Подземелье ведьм - Полина Иванова
Шрифт:
Интервал:
Закладка:
— Что ж, — сделал он очередной шаг вперёд, рассекая перед собой острым маленьким ножом заросли чертополоха, — твоё время пришло, Моди.
Мужчина добрался до двери и, открыв её, юркнул в спасительную прохладу каменных стен, свободных от режущих и колючих побегов.
Перед ним открылся огромный круглый холл, по разные стороны от которого расползались бесчисленные коридоры. Стейн, не задумываясь, свернул в тот, что был ближе всего. Шаги гулким эхом отдавались в ушах, разлетаясь по замку, и, споткнувшись о стены, возвращались обратно. Впереди показалась крутая винтовая лестница, ведущая, видимо, в одну из башен. Стоило только Стейну подняться, как первая же из комнат оказалась спальней. Пол и стены, увешанные гобеленами, были залиты солнечным светом. Посреди комнаты, параллельно окну, стояла большая кровать с балдахином. Стейн тут же бухнулся на ложе, как был, в ботинках и плаще, пыльных от долгой дороги. Пружины жалобно застонали, но для Стейна этот звук был подобен звуку колыбельной. Он свернулся калачиком на жёстком матрасе и заснул.
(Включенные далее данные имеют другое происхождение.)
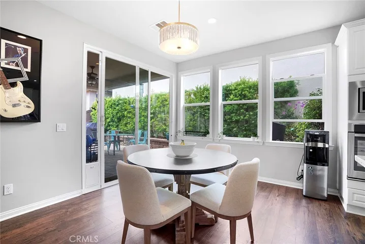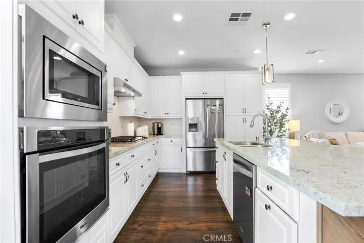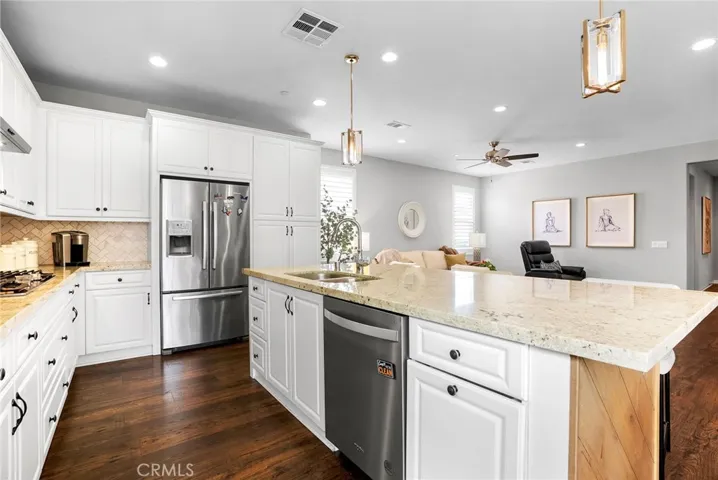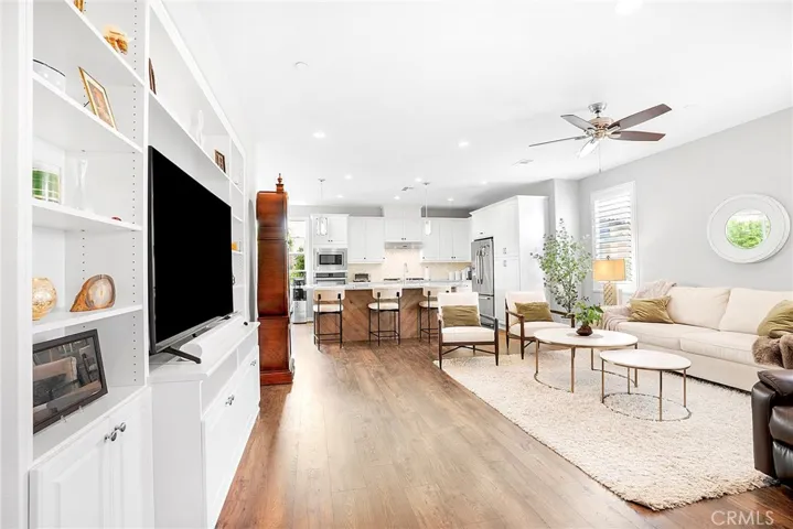 Beautiful Western Ranch Model detached single family home in the highly sought after 55 plus community of Auberge at Del Sur. The home has an additional room that can be use as a 3rd bedroom, office, or your choice. Open floor plan joining the kitchen, dining area and great room. The Kitchen boasts of a beautiful granite island & countertops, stainless steel appliances, Upgraded Kitchen BackSplash, Laminate Floors and plenty of European-style white thermofoil cabinetry and raised panel doors, Built-In Entertainment Center as well as built-in office Desk with Cabinets. This amazing home comes with the upgraded Covered Patio with automatic awning, ceiling fan w/ light, laundry room with a sink & side by side washer and dryer, pre-wired for solar panels, tankless water heater, Garage with Epoxy Flooring, low maintenance backyard with a relaxing water fountain, backyard fully paved, neutral interior paint, whole house fire sprinklers. A 2 car garage that offers storage cabinets and overhead storage racks. Auberge residents have full access to all of the Del Sur amenities that include 14 parks, 11 pools and miles of walking trails. This community has an impressive clubhouse that offers a fitness center, resort style heated swimming pool with spa, dog park, walking trails, bbq area, pickleball courts, and a tot lot for the visiting family. Auberge is center to many shopping centers and entertainment, fast and easy access to highways.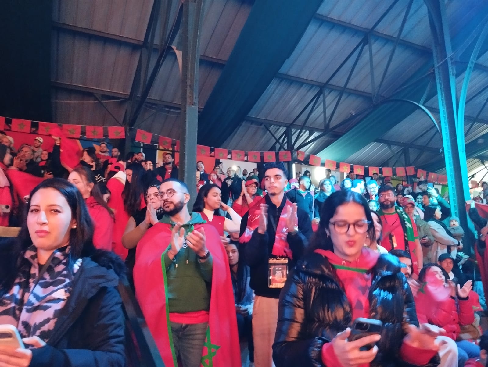كما عرفت القاعات المغلقة والأندية الرياضية والمقاهي إقبالًا كثيفًا، حيث امتلأت عن آخرها بالمشجعين الذين تابعوا المباراة بشغف كبير، تفاعلوا مع كل هجمة وكل فرصة سانحة للتسجيل. ولم تخلُ الأجواء من لحظات الترقب والتوتر، سرعان ما تتحول إلى فرح عارم مع كل لقطة إيجابية لصالح المنتخب المغربي.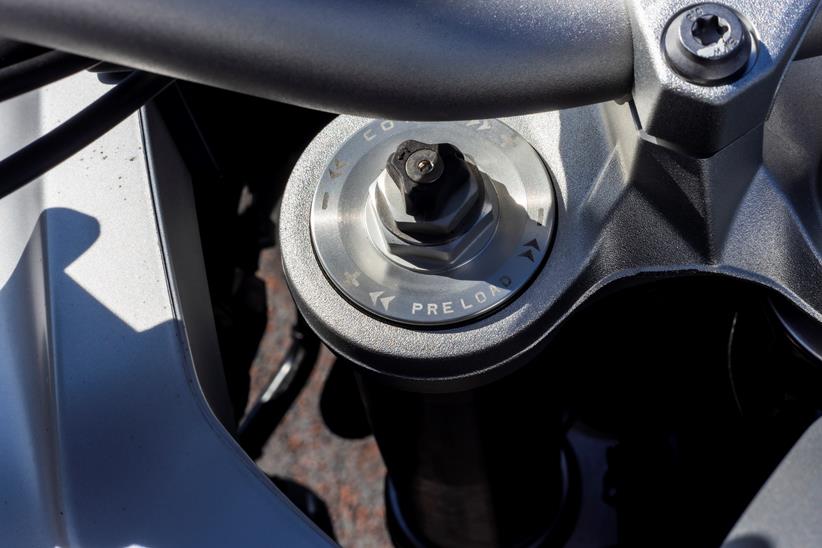 If you want to take it easy, a quick change of mode makes the back end much more compliant, while another press of a button firms it up for a more dynamic ride. Triumph have an electronically-adjustable shock on the GT Pro model (not semi-active), it seems a shame they haven’t fitted it to the Rally Pro as it would certainly benefit.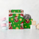 Navidades envolviendo papel con el ilustracion de una linda sonriente y feliz chica con el pelo largo negro, lleva disfraz rojo y blanco de Santa Claus y tiene un regalo; con plantilla de texto editable para tu nombre o mensaje, Navidades diseño de vacaciones con un fondo verde sin fisuras con estrellas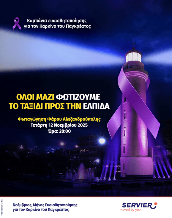 Στο πλαίσιο της καμπάνιας «Φάρος ελπίδας: Μαζί για τον καρκίνο του παγκρέατος», η Servier Hellas σε συνεργασία με τον Σύλλογο Καρκινοπαθών Εθελοντών Φίλων Ιατρών «Κ.Ε.Φ.Ι.» Αθηνών, καθώς και τον Σύλλογο Ασθενών ΣυνεχίΖΩ, διοργανώνει την Τετάρτη 12 Νοεμβρίου 2025 στις 20:00, στην πλατεία της Αλεξανδρούπολης όπου δεσπόζει ο Φάρος, το σήμα κατατεθέν της πόλης: Τη συμβολική φωταγώγηση του Φάρου, σε μωβ χρώμα, φωτίζοντας έτσι την αξία της ευαισθητοποίησης για τον παγκρεατικό καρκίνο.
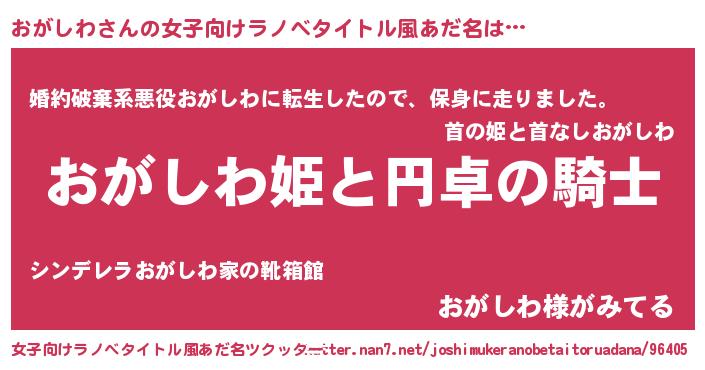 | 胡散臭い通販商品みたいなあだ名 | 『モテモテ間違いなしブレスレット…その名も「おがしわ」』 |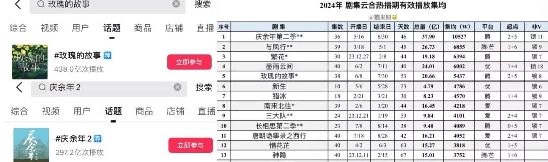 而且在数据方面,《玫瑰的故事》也陷入了和《永夜星河》一样的“爆短不爆长”争议。《玫瑰的故事》抖音的话题播放量达到400多亿,是《生活的乐趣2》的两倍,但其云集的平均播放量只有《生活的乐趣2》的一半。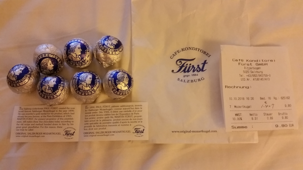 モーツアルト・クーゲルを生み出した老舗パティスリーです。テイクアウトや店内、テラス席でも味わえます。本店は混んでいたので、支店でクーゲルを7個買いました。1個1.4ユーロ(188円)とお高めの設定。紙袋を2枚頼むと、文句を言われ、1枚だけくれました。つっけんどんな態度で感じが悪かったです。他のツアー客も同様なことを感じたようです。甘すぎて私は日本のチョコの方が好きです。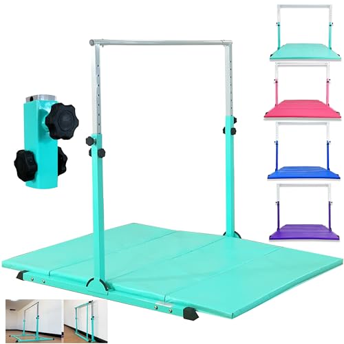 MARFULA Gymnastic Bar with Mat for Kids Gymnastic Kip Bar with Mat Horizontal Bar Teal Bar Gymnastic Training Equipment for Kids 3-15 Years Home and Club Use
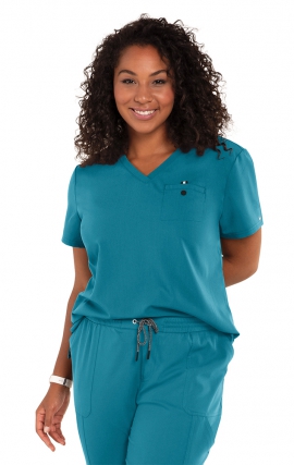 Si tu dois porter des uniformes pour travailler, ne devrais-tu pas les aimer? Il y a beaucoup à aimer de ce haut élégant avec col en V large, extensible en 4 sens et un...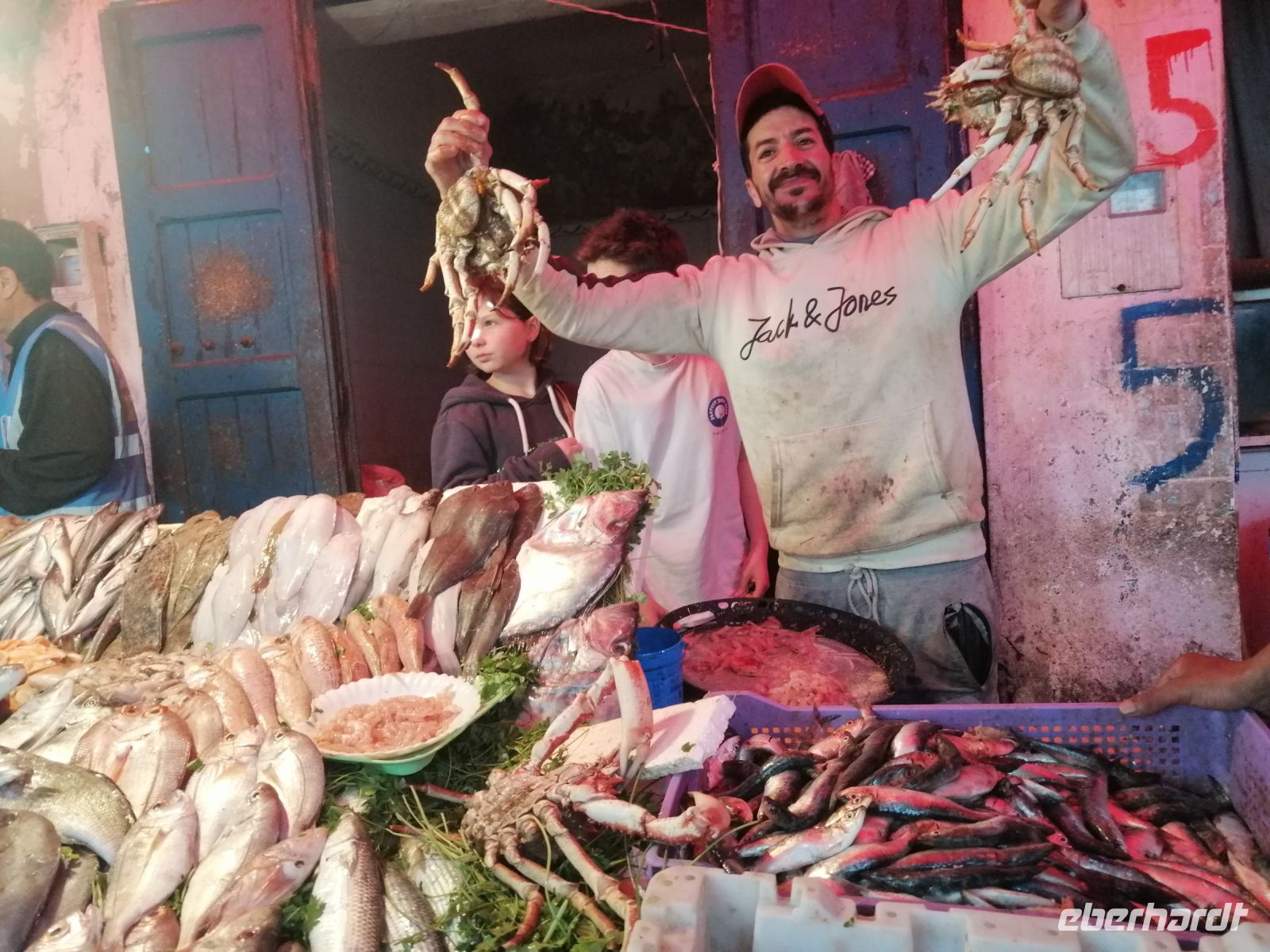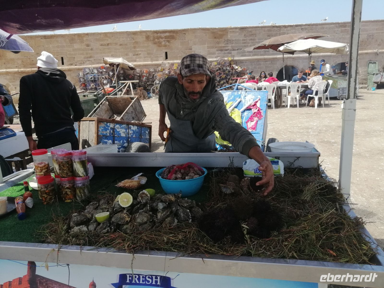Während der Weiterfahrt beobachteten wir entweder den Küstenstreifen der Atlantik auf der linken Seite oder die Bauernfelder auf der rechten Seite, bis wir schließlich in der Küstenstadt El Oualidia eine längere Mittagspause machten und uns in dem wunderschönen Fischreataurant „L Araignée Gourmande“ stärkten.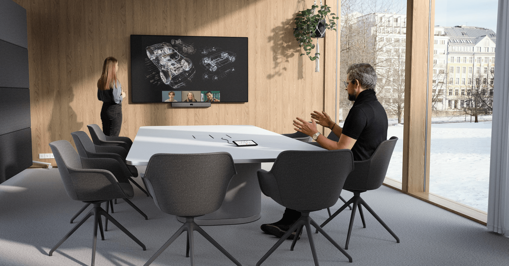 You can also share content with a USB‑C or HDMI cable or have your laptop run your meetings via a single USB‑C cable in BYOD mode.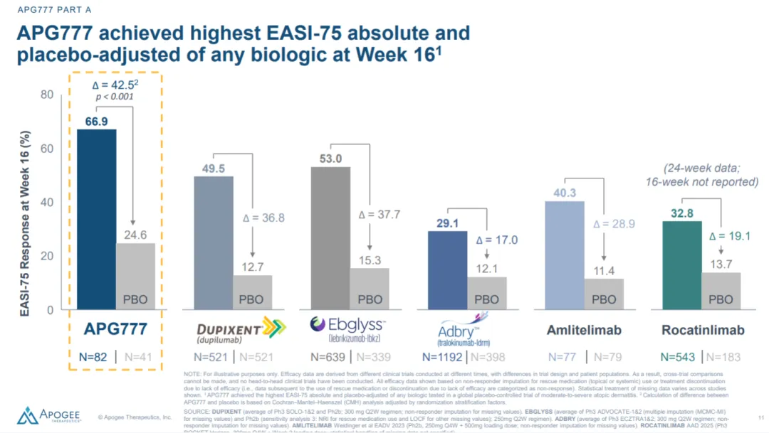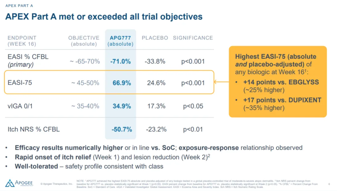 Apogee Therapeutics 公司公布的数据,APG777 在 Phase 2 APEX 试验 Part A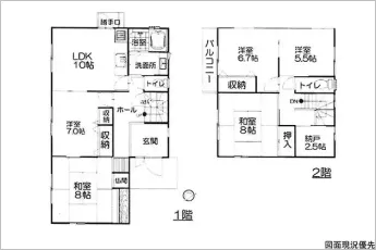 設備 | トイレ2ヶ所、システムキッチン、ウォークインクローゼット、プロパンガス、上水道、下水道、モニタ付インターホン、駐車場2台分、リビング階段 | ||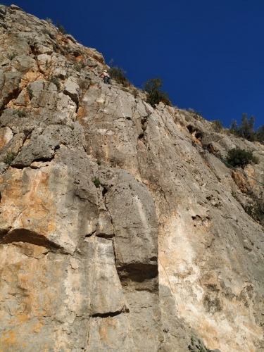 Punto rojo | 2 | Encadenada junto al segundo largo de crsis del afterpunk. Con una cuerda de 70 metros pueden hacerse y al bajar sobran 2-3 metros. |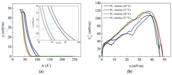 Phospholipids extracted from the L. gormanii bacteria, both supplemented and non-supplemented with choline, form Langmuir monolayers at the air–liquid interface at 20 °C and 37 °C. The obtained isotherms are presented in Figure 2a.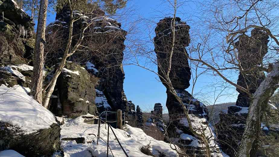 Diese mittelschwere Winterwanderung führt von Rosenthal in der Sächsischen Schweiz führt zu landschaftliche eindrucksvollen Felsgebilden. Die Tour kann gut mit öffentlichen Verkehrsmitteln unternommen werden.
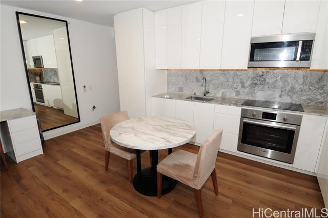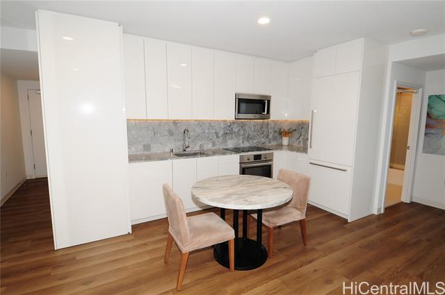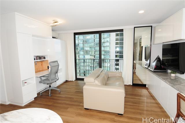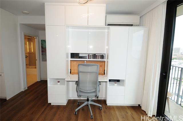 "va assumable loan (@5%) on this spare no expense custom unit featuring additional work station, entertainment storage system, bed system, and added entry cabinets/art presentation area round out this perfect unit. the owners obtained the last few pieces of matching countertop and matched the new cabinets to the white glove developer's package to create this ultimate unit. there are no other 1 bedrooms close to this one! 2 storage units, ultra rare find in kakaako. these are in addition to the over the vehicle storage at the covered parking space. aalii has every amenity you could want in a luxury building. rooftop public areas, large gym with all equipment, movie theatre, cabanas and pool side suites for use by reservation, and even surfboard storage and pet areas on the property. and if you ever choose to leave the building you're in the heart of kakaako next to whole foods, new restaurants, movie theatre, and large park areas. for the outdoor beach lovers you're around the corner from the largest beach park in the state with all the surfing, sunning, and outdoor activities you would ever want. don't miss this one, it is the best one bedroom unit in kakaako." -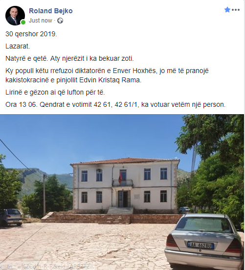 Ish-kryetari i PD Gjirokastër, Roland Bejko, ndodhet në Lazarat për të vëzhguar procesin zgjedhor. Përmes një postimi në Facebook, ai tregon një qendër votimi ku ka votuar vetëm një person. Deri më tani në Lazarat kanë votuar rreth 60 persona. PD ishte përgatitur për akte dhune në 30 qershor, por ultimatumi amerikan bëri që opozita të ndryshonte qëndrim totalisht. Nuk raportohen incidente në Gjirokastër. Situata është e qetë dhe pjesëmarrja në votime vlerësohet diku mbi 25%.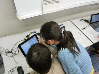 自分の描いた絵を自由に動かしてアニメーションやゲームがつくれることを学び、いろいろなことを試しながら作品づくりに熱中していました。楽しみながらプログラミング的思考を育んでいくことができる素敵な時間になりました。
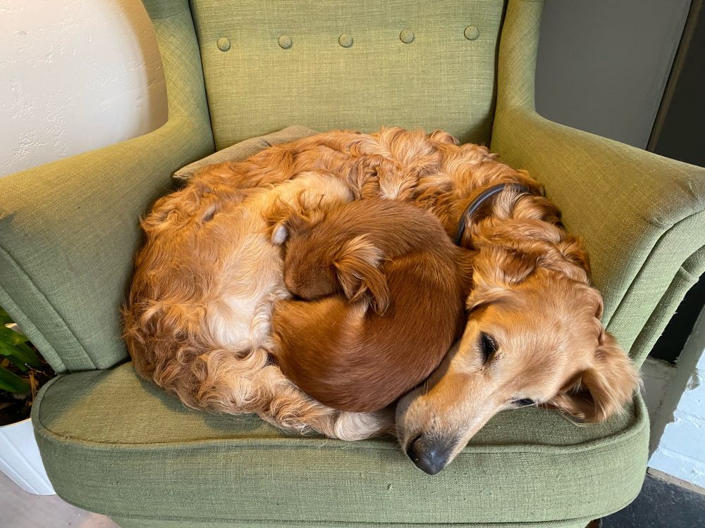 Snuggled up under Sadie’s legs or sprawled on top of her is Maisie’s happy place 🤍🤍

* * *Миновало несколько месяцев с тех пор, как он обосновался в замке. Серые замковые стены и одиночество сводили с ума, мешали спать по ночам и одолевали видениями днём. Чтобы совсем не сойти с ума, он перетащил в замок все книги и свитки, что только смог отыскать в ближайших деревнях. И вот теперь…
Стейн швырнул книжку в камин и схватился руками за голову.
— Чтоб ты провалилась, старая ведьма! Помрёшь ты, карга старая, и в Хелингарде для тебя не найдётся пристанища. — мстительно шептал он, меряя широкими шагами комнату.
Бумажные страницы, шипя, скукоживались под напором огня. Вскоре от них осталась лишь зола. Стейн плюхнулся в кресло возле камина и вытянул вперёд длинные ноги. Ярость, бушующая в груди, мешала трезво мыслить, и всё, что он сейчас мог — проклинать жрицу, разрушившую его жизнь.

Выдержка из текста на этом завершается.